Rybka 3: The dark truth behind the hype

[M ANSARI]

Sorry I mean 2x speedup ... somehow i assumed there are 100 seconds to the minute ... I guess I need some sleep . As for time to depth ... yes ofcourse ... but also how many Knps in an equivalent test position should be quite accurate ... remember here the position is identical ... only the hardware is changing ... so Knps and time to achieve that should give an accurate estimate. I really don't know how Vas calculates his nodes and I am sure a LOT of people will make a big fuss about this when Rybka 3 comes out since it is showing even less nodes than 2.3.2a. But really what matters most is how strong the engine is and how quickly it finds solutions to difficult chess problems. This I assure you R3 is very good at.

[Zach Wegner]

... but also how many Knps in an equivalent test position should be quite accurate ... remember here the position is identical ... only the hardware is changing ... so Knps and time to achieve that should give an accurate estimate.

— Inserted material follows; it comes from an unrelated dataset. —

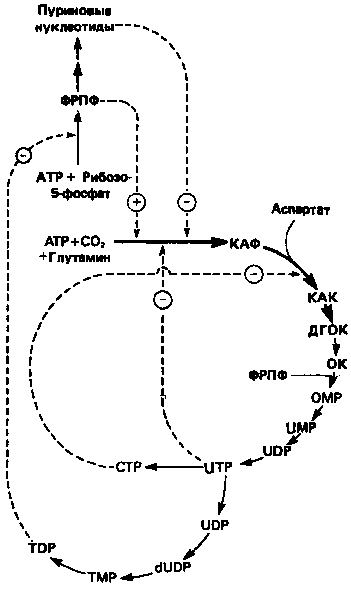 Путь биосинтеза пиримидиновых нуклеотидов регулируется двумя различными механизмами. Активность первых двух ферментов находится под контролем аллостерических эффекторов. Кроме того, три первых и два последних фермента являются объектами координированной репрессии—дерепрессии. Карбамоилфосфатсинтаза ингибируется UTP, пуриновыми нуклеотидами, но активируется ФРПФ (рис. 10). Аспартаттранскарбамоилаза особенно чувствительна к ингибирующему влиянию СТР. Аллостерические свойства аспартаткарбамоилазы микроорганизмов явились предметом интенсивных и ставших уже классическими исследований механизмов аллостерической регуляции активности ферментов.
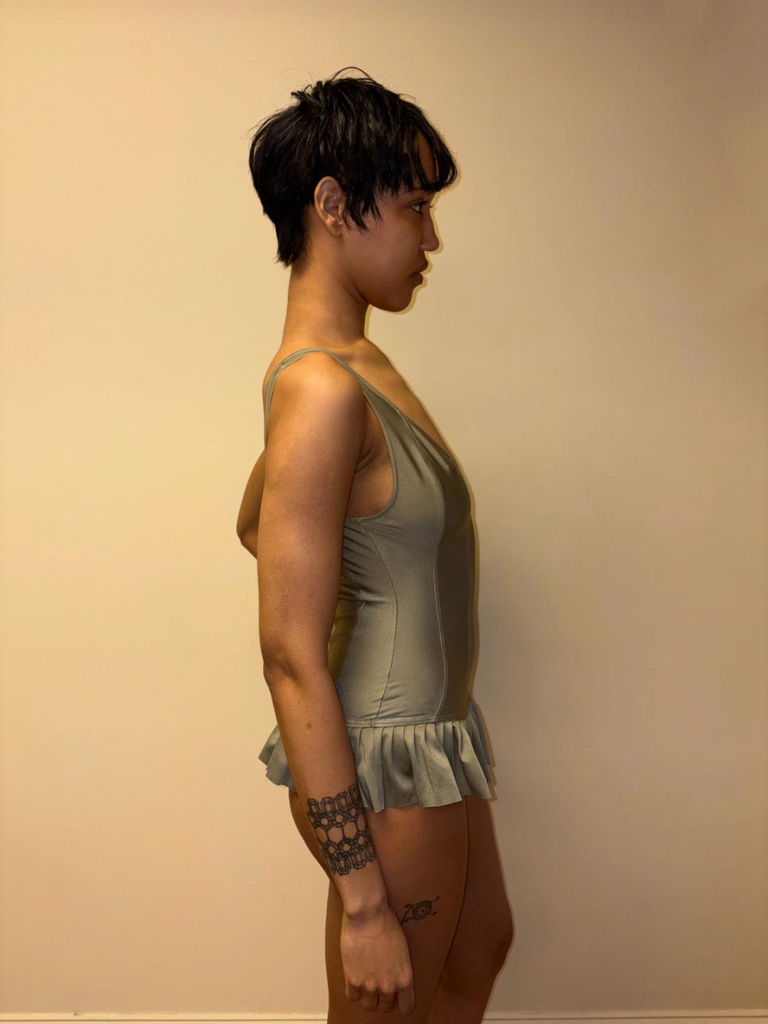 Vintage Chantal Thomass sage colored one-piece swimsuit. The swimsuit has a micro mini skirt. Stretchy.

No, it won't be, because the MP version will take a different number of nodes to get to the same depth. As I mentioned with Toga, it will double the NPS with double the number of cores, but it will have to search way more nodes, because it has a crappy parallel algorithm. The problem with Rybka is that you don't know how many nodes it's actually searching, as the MP versions are altered.

Of course you are right about what matters most is how well it plays, and that is where Rybka is the clear leader.

[Thomas Mayer]

Hi,

Sorry I mean 2x speedup ... somehow i assumed there are 100 seconds to the minute ... I guess I need some sleep .

hehe, during the french revolution this wouldn't have been too wrong. As far as I know they tried to introduced the 10 hours day with 100 minutes an hour...

Greets, Thomas

[bob]

I think much more accurate way of testing speed up of multiple cores is to check the output in KNs at certain depth between the Quad at 3.2 Ghz and the 8 core at 4.8 Ghz I had posted ... you will notice almost 3X speed up at equivalent depth ... which would make me think that it is actually scaling very well. If you try and find time to finding solution you will find that it will vary quite a lot due to the non determenistic characteristics of MP scaling.

OK, in 5th gear, my ford ranger pickup will run 5800 rpm. Is that faster or slower than your car???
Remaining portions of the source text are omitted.